Die Investitionen sind Teil des europäischen Projekts IPCEI (Important Projects of Common European Interest), das vom Bund sowie den Ländern Baden-Württemberg und Bayern gefördert wird. Es soll dabei helfen, Europa und Deutschland unabhängiger von ausländischen Chiplieferanten zu machen. Insgesamt investiert Nokia 360 Millionen Euro in seine Standorte in Ulm und Nürnberg. Der größere Teil davon soll an die Donau fließen. Wie viel genau, konnte ein Sprecher des Unternehmens dem SWR noch nicht sagen.

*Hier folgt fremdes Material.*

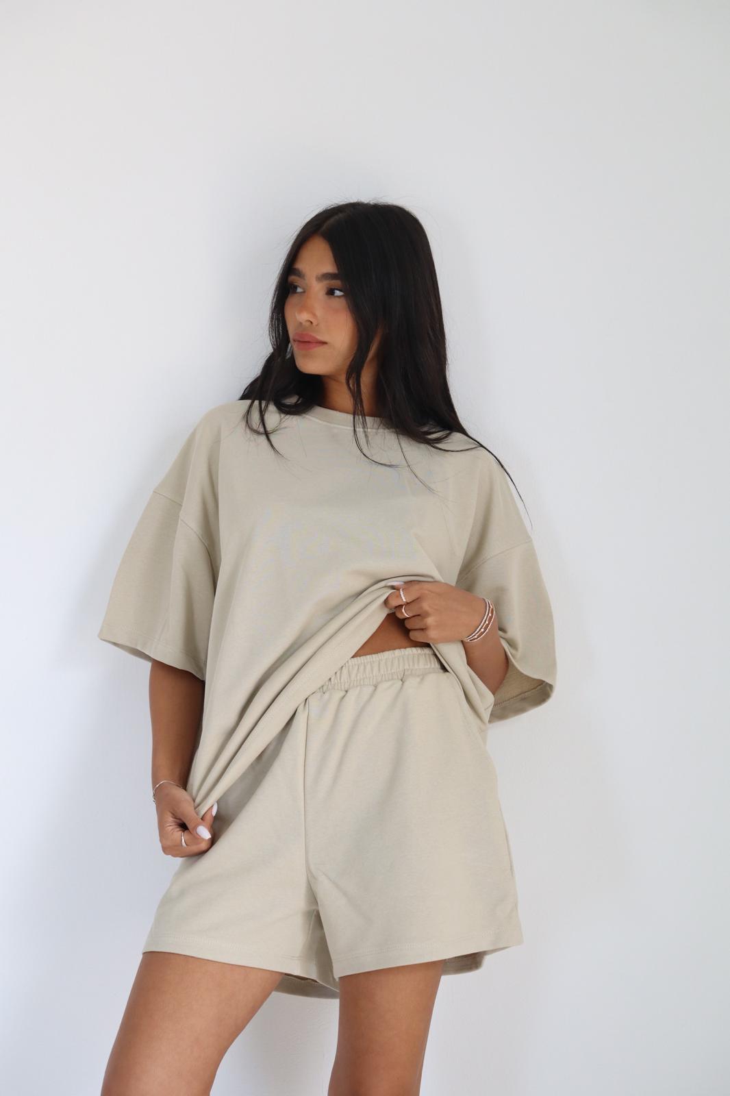 חליפת אוברסייז מכנס קצר ושרוול קצר

Neu entwickelte Mobilfunkchips sollen leistungsfähiger sein

In Ulm forschen rund 750 Mitarbeiterinnen und Mitarbeiter des Unternehmens an Chips, die in Mobilfunksystemen zum Einsatz kommen. Dazu gehört die aktuell verbreitete 5G-Technologie. Aber auch an der 6G-Technik der Zukunft, die ab 2030 auf den Markt kommen soll, wird geforscht. Die neu entwickelten Chips sollen leistungsfähiger sein und dabei weniger Strom verbrauchen.

Nokia: von Mobiltelefonen zu Mobilfunktechnik

Bekannt geworden ist das finnische Unternehmen Nokia durch seine Mobiltelefone. Von 1998 bis 2011 war Nokia der weltgrößte Hersteller von Handys. Mit dem Aufkommen von Smartphones wurden klassische Mobiltelefone auf dem Markt immer weiter abgedrängt. Auf diesen Trend reagierte das Unternehmen schließlich und verkaufte nach starken finanziellen Verlusten 2013 seine Handy-Sparte an Microsoft. Heute gibt es wieder Mobiltelefone unter dem Namen "Nokia". Diese werden allerdings von einem anderen Unternehmen entwickelt und vermarktet, das lediglich die Rechte am Markennamen besitzt.

Im Oktober vergangenen Jahres wurde bekannt, dass Nokia aufgrund schwacher Umsatzzahlen weltweit zwischen 9.000 und 14.000 Mitarbeiter entlassen will. Ob auch der Standort am Ulmer Eselsberg davon betroffen ist, konnte ein Sprecher von Nokia auf SWR-Nachfrage nicht beantworten. Durch die Investitionen werde Ulm seiner Ansicht nach aber eher gestärkt.

Die Landesregierung begrüßt die Millionen-Investition des Mobilfunk-Unternehmens Nokia in den Wirtschaftsstandort Baden-Württemberg. Dies sei ein wichtiges Signal für die Branche und den Standort Ulm, teilte das Wirtschaftsministerium weiter mit.